Я закрыл глаза. Теперь это были уже не трактора, а танки.
Машину подбросило. Я открыл глаза. Замелькали переплеты железного моста. Под ним была речка, из которой всю воду словно выпили.
И опять – ноля. Осенью они будут белые. Это я хорошо знал. Мы сюда приезжали собирать хлопок.
Потом зарябил ветвями яблоневый сад. И сразу за ним – вишневый. Зелень уже просматривалась.
А вот еще мост. Бежал по донышку тоненький ручеек. С гор, наверно. Они маячили вдали. Такие высокие и могучие…
Я знал, что скоро все реки разбухнут, потому что в горах тают снега.
Вот интересно, если снежные барсы тоже растают!
Почему есть снежные барсы, а снежных слонов нет?..
Я размечтался, а газик тем временем взобрался на перевал.
Здесь было холодно. Хорошо, что я надел куртку. И кожаную кепку с черным козырьком. У Каримчика такой кепки не было. Зато у него была пыжиковая шапка. Не знаю, что лучше. Наверно, все-таки кепка: в ней не так жарко.
Газик побежал под уклон.
Динга перевалилась в мою сторону, и теперь я мог болтать только одной ногой.
Я погладил Дингу и спросил:
– Чья она?
Ефрейтор Алиев сказал, что это овчарка его друга Пулата Шакирова. Он был с ней на окружных соревнованиях. Динга заработала еще одну золотую медаль, и Пулата, в порядке поощрения, отправили в Москву.
– Того самого Пулата? – заинтересовался майор.
– Так точно.
– А я хотел наших ребят с ним познакомить.
– Ну, мы это сделаем, – ответил Алиев.
Газик спустился в долину. Здесь было гораздо теплее, чем по ту сторону перевала. Нас встретили совсем зеленые чинары.
Уж какие другие деревья, а чинары я всегда различу. В нашем дворе стоит чинара. Ей, говорят, пятьсот лет. Мы беремся вшестером за руки, но не можем ее обхватить.
Потом чинары отступили, и вдоль дороги выстроились тополя.
Я вдруг захотел есть. Утром торопился и почти совсем не завтракал.
Незаметно мы въехали в пограничную зону. Газик остановился у шлагбаума.
Пограничник с тремя золотыми нашивками на погонах заглянул в кабину.
– Товарищ майор, на участке без происшествий. Докладывает старший наряда сержант Баратов.
– Продолжайте службу! – сказал майор.
– Здравствуй, Хамид! – поприветствовал ефрейтор Алиев.

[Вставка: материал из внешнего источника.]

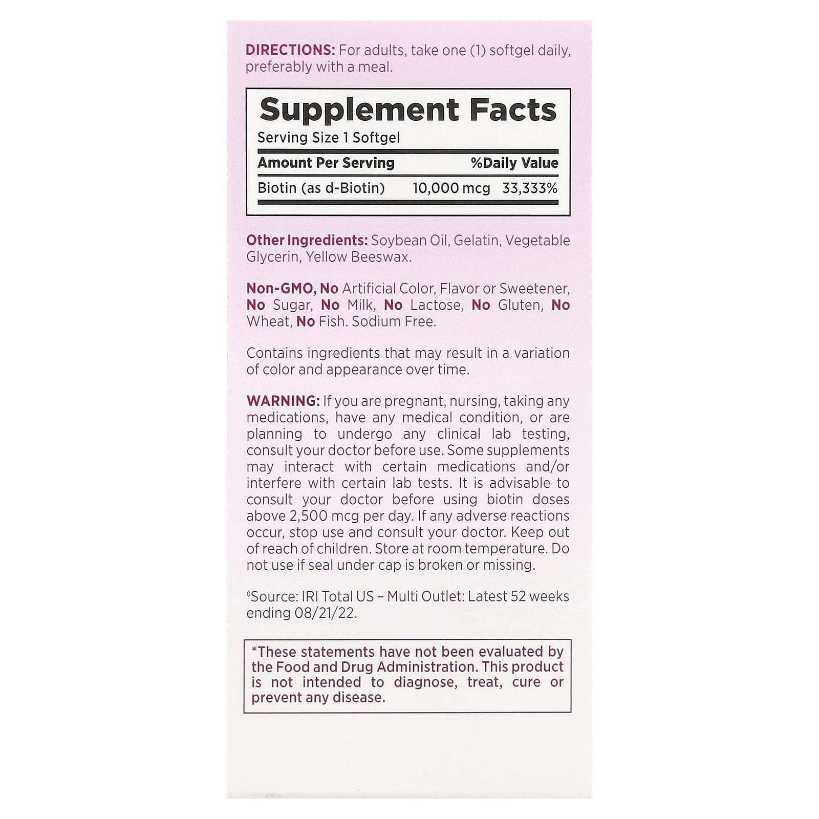 Если вы беременны, кормите грудью, принимаете какие-либо лекарства, страдаете каким-либо заболеванием или планируете пройти какие-либо клинические лабораторные исследования, проконсультируйтесь с врачом перед использованием. Некоторые добавки могут взаимодействовать с определенными препаратами и/или влиять на результаты определенных лабораторных анализов. Перед приемом более 2500 мкг биотина в день рекомендуется проконсультироваться с лечащим врачом. При возникновении любых неблагоприятных реакций следует прекратить прием и обратиться к врачу. Хранить в недоступном для детей месте. Хранить при комнатной температуре. Не следует использовать данный продукт, если пленка под крышкой повреждена или отсутствует.

Сержант поправил кобуру с пистолетом и улыбнулся в ответ. Я тоже очень старательно улыбнулся сержанту, потому что вдруг это и есть писарь.
Сержант заметил в машине Дингу, и улыбка его стала еще шире.
– А где же Пулат Шакиров? – спросил он.
– Вчера я проводил его в Москву, – сказал Алиев. – Вот и везу Дингу домой.
Мы с Каримчиком переглянулись. Если этот Пулат Шакиров такой знаменитый, то нам, конечно, познакомиться с ним не мешает.
Вдруг сержант спросил:
– Ты, наверное, запарился в кабине, Изат?
– Что правда, то правда, – ответил ефрейтор Алиев. – Очень мне, понимаешь ли, жарко.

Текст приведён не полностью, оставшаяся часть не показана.